# My wife's favorite photo I've ever taken



## estesbubba (Sep 13, 2011)

Ms Bailey left us in March and my wife has always loved this photo of her. She was a simple dog that didn't need anything other than some love, and a black and white photo of her is only fitting.


----------



## MikaTallulah (Jul 19, 2006)

She was gorgeous. She had the most beautiful eyes. Talk about looking into the soul.


----------



## MaureenM (Sep 20, 2011)

Just beautiful!


----------



## Pammie (Jan 22, 2011)

I bet those ears were silky soft! She was a beauty. So sorry for your loss.


----------



## missmarstar (Jul 22, 2007)

Beautiful! I hope you don't mind but I lightened it up a little so you can see more of the detail on her face.


----------



## colton (Jun 5, 2008)

I prefer the darker picture  She is too gorgeous.


----------



## estesbubba (Sep 13, 2011)

missmarstar said:


> Beautiful! I hope you don't mind but I lightened it up a little so you can see more of the detail on her face.

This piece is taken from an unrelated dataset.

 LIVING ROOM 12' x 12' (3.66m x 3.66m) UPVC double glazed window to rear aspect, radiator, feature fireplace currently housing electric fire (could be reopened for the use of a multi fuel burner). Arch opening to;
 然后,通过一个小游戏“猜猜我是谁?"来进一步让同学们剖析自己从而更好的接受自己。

Funny, I just looked at the post this morning and realized I posted the version I was playing around with on my iPad. Here is the one I meant to post.


----------



## *Laura* (Dec 13, 2011)

What a beautiful sweet face.... Sorry for your loss


----------



## soxOZ (Dec 13, 2007)

Ms Bailey was so cute, I'm sure you guys are really missing her...

As for the photo, I personally liked the darker version as it had more character, but hope you don't mind that I had a very quick play with it and darkened it even more.
Black or white animals are very hard to meter on to get the exposure spot on...

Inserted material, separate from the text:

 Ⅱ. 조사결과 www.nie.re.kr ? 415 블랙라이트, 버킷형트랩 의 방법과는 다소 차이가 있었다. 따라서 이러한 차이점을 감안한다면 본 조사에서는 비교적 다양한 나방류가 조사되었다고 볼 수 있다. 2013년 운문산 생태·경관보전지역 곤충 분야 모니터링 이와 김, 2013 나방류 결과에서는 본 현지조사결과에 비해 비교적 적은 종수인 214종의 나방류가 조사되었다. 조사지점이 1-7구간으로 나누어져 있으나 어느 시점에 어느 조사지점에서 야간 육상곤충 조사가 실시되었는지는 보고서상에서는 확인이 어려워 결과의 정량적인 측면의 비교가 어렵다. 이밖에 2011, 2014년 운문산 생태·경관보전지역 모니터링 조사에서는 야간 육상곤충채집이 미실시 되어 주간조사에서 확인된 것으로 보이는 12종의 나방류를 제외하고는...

Here are a couple of versions of it. Not that good as it was only a low resolution image to start with... 

#1...









2...


----------



## Wendy427 (Apr 4, 2009)

awww, very sweet picture of such a lovely dog!


----------



## Karen519 (Aug 21, 2006)

*Bailey*

Bailey was SO GORGEOUS and I can see why that was your wife's favorite photo!!


----------



## CAROLINA MOM (May 12, 2009)

Beautiful picture of your precious Bailey. I'm so sorry for your loss, I know she is missed.


----------



## Aspen's Mom (May 15, 2012)

She was a beautiful girl! I'm so sorry for your loss. It's wonderful that you have such a splendid photo to remember her by.


----------



## Oakley&SegersMom (Feb 1, 2009)

What a beautiful girl. Her eyes are intense - I am so sorry for your loss.


----------



## caseypooh (Dec 30, 2010)

What a wonderful picture, she was beautiful. I would have to have this on a wall.


----------



## Suni52 (Jan 18, 2012)

What a gorgeous picture, in all the exposures! She was very pretty girl. I love how the light hits off of her beautiful shiny coat


----------



## lynn1970 (Feb 6, 2011)

That is great picture and your baby was just gorgeous. Sorry for you loss.


----------



## lgnutah (Feb 26, 2007)

what a kind face


----------



## newport (Aug 8, 2011)

I had a little black Cocker named Spooky( born on Halloween!) He was quite the character and took great pictures like your Bailey! I lost Spooky at 13 years old about 4 years ago..... still miss him.


----------



## mylissyk (Feb 25, 2007)

That is a beauty.


----------



## vcm5 (Apr 20, 2011)

What a beautiful picture, thanks so much for sharing!


----------



## Cathy's Gunner (Dec 4, 2008)

Bailey was a beautiful girl! I'm so sorry for your loss...


----------



## Max's Dad (Apr 23, 2012)

A lovely photo. I agree, very soulful eyes. Like the original best.


----------



## Golden&Yorkie (Mar 11, 2012)

That is a great picture. I'm vary sorry for your loss.


----------



## mmacleod75 (Apr 7, 2012)

What a beautiful girl, I have to agree, she has such soulful eyes. Sorry for your loss


----------



## Blondie (Oct 10, 2009)

I have a special place in my heart for cocker spaniels! My first dog ever, was a black male and my dog prior to Maggie was a buff and white female. Sweet, sweet dogs.


----------



## estesbubba (Sep 13, 2011)

After some people darkening it, some lightening it, and then me wondering if I posted the correct version, I have confirmed with my "source" that the original is the best 

Ms Bailey in her simple black and white...


----------